(EXERCISE DATA):
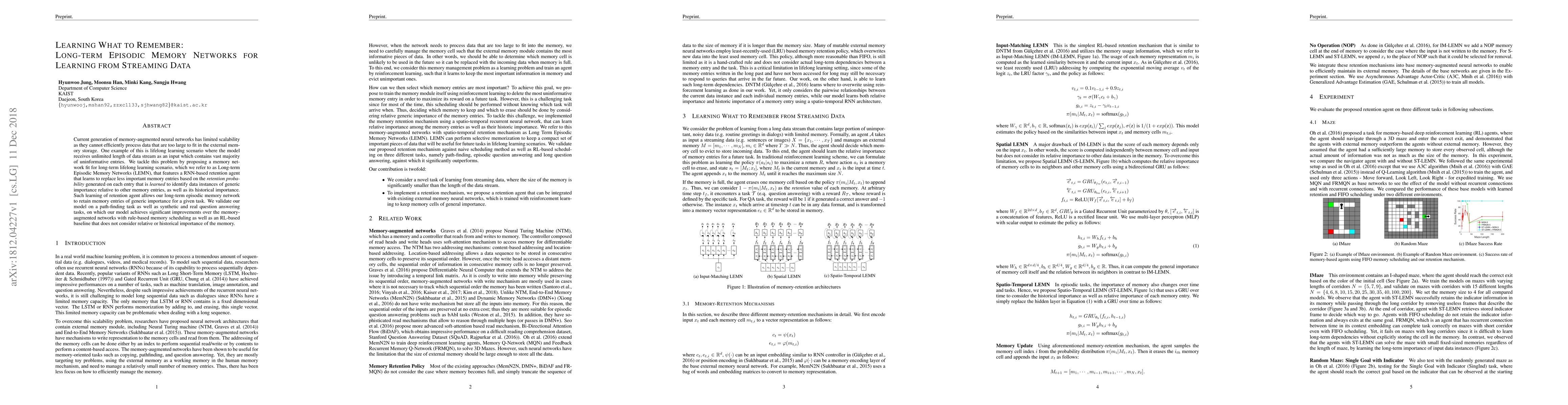 This paper proposes Long-term Episodic Memory Networks (LEMN) to address the scalability issues of memory-augmented neural networks in lifelong learning scenarios. LEMN uses a RNN-based retention agent to prioritize and retain important memory entries, achieving significant improvements over existing memory-augmented networks in path-finding and question answering tasks.
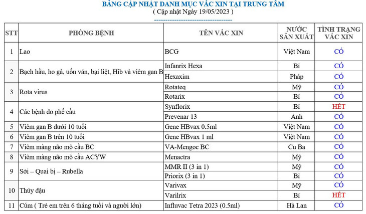 | Theo Bảng cập nhật danh mục vắc xin của Trung tâm Trung tâm tiêm chủng 131 Lò Đúc, Hà Nội của Viện Vệ sinh dịch tễ trung ương ngày 19/5/2023, vắc xin “3 trong 1” bạch hầu - ho gà - uốn ván đang hết... |
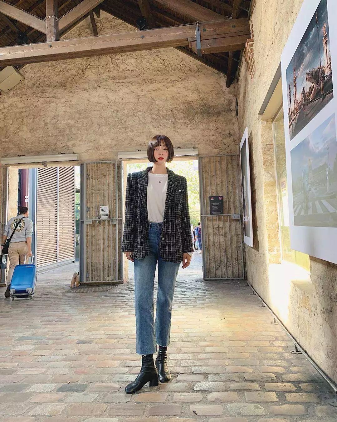 小香风是比较女人味的单品,混搭上帅气街头风的牛仔裤,瞬间就不一样了。
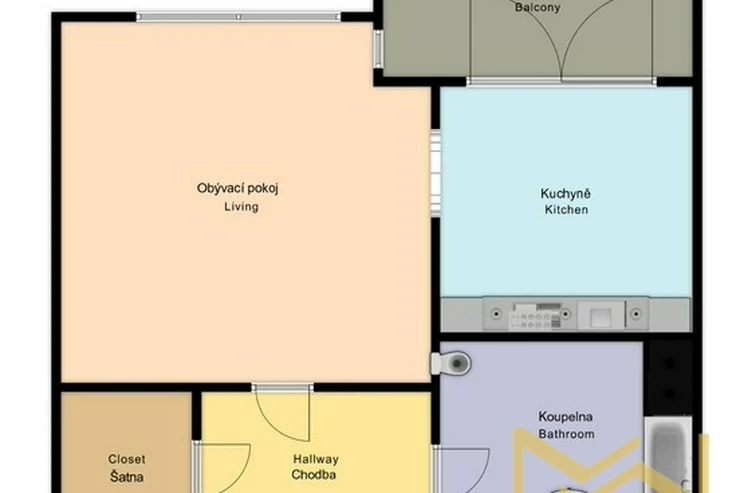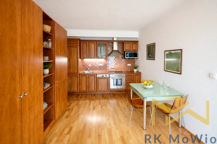 In this location, we offer for sale an air-conditioned 1-bedroom apartment (1+1) with a usable area of 52 sqm and a terrace of 10 sqm, situated in a barrier-free building with a lift. The layout is practically designed and includes an entrance hall providing access to the living room, bathroom, and storage room. The main living area feels bright and spacious and allows for flexible arrangement – it can easily be divided into a living and sleeping zone. The living room is connected to a separate kitchen, which offers ample space for a dining area and features a built-in wardrobe with an integrated fold-down bed, enhancing the functionality of the space. From the kitchen, there is direct access to a spacious terrace with views of the greenery of Central Park Stodůlky and the Nepomucký pond. The terrace represents a significant benefit of the apartment and provides a pleasant space for relaxation.
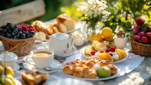 A traditional breakfast spread with pastries, coffee, and fruit arranged on a sunny garden table, creating a peaceful scene.
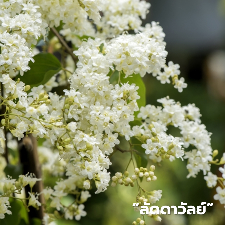 ตามมาด้วยต้นลัดดาวัลย์เป็นไม้เลื้อยขนาดเล็ก เวลาออกดอกจะเป็นช่อใหญ่สีขาวบานสะพรั่ง

(PROBLEM STATEMENT): Repeat the listing word for word, and skip every picture it contains.

(EXERCISE SOLUTION):
 This paper proposes Long-term Episodic Memory Networks (LEMN) to address the scalability issues of memory-augmented neural networks in lifelong learning scenarios. LEMN uses a RNN-based retention agent to prioritize and retain important memory entries, achieving significant improvements over existing memory-augmented networks in path-finding and question answering tasks.
 | Theo Bảng cập nhật danh mục vắc xin của Trung tâm Trung tâm tiêm chủng 131 Lò Đúc, Hà Nội của Viện Vệ sinh dịch tễ trung ương ngày 19/5/2023, vắc xin “3 trong 1” bạch hầu - ho gà - uốn ván đang hết... |
 小香风是比较女人味的单品,混搭上帅气街头风的牛仔裤,瞬间就不一样了。
 In this location, we offer for sale an air-conditioned 1-bedroom apartment (1+1) with a usable area of 52 sqm and a terrace of 10 sqm, situated in a barrier-free building with a lift. The layout is practically designed and includes an entrance hall providing access to the living room, bathroom, and storage room. The main living area feels bright and spacious and allows for flexible arrangement – it can easily be divided into a living and sleeping zone. The living room is connected to a separate kitchen, which offers ample space for a dining area and features a built-in wardrobe with an integrated fold-down bed, enhancing the functionality of the space. From the kitchen, there is direct access to a spacious terrace with views of the greenery of Central Park Stodůlky and the Nepomucký pond. The terrace represents a significant benefit of the apartment and provides a pleasant space for relaxation.
 A traditional breakfast spread with pastries, coffee, and fruit arranged on a sunny garden table, creating a peaceful scene.
 ตามมาด้วยต้นลัดดาวัลย์เป็นไม้เลื้อยขนาดเล็ก เวลาออกดอกจะเป็นช่อใหญ่สีขาวบานสะพรั่ง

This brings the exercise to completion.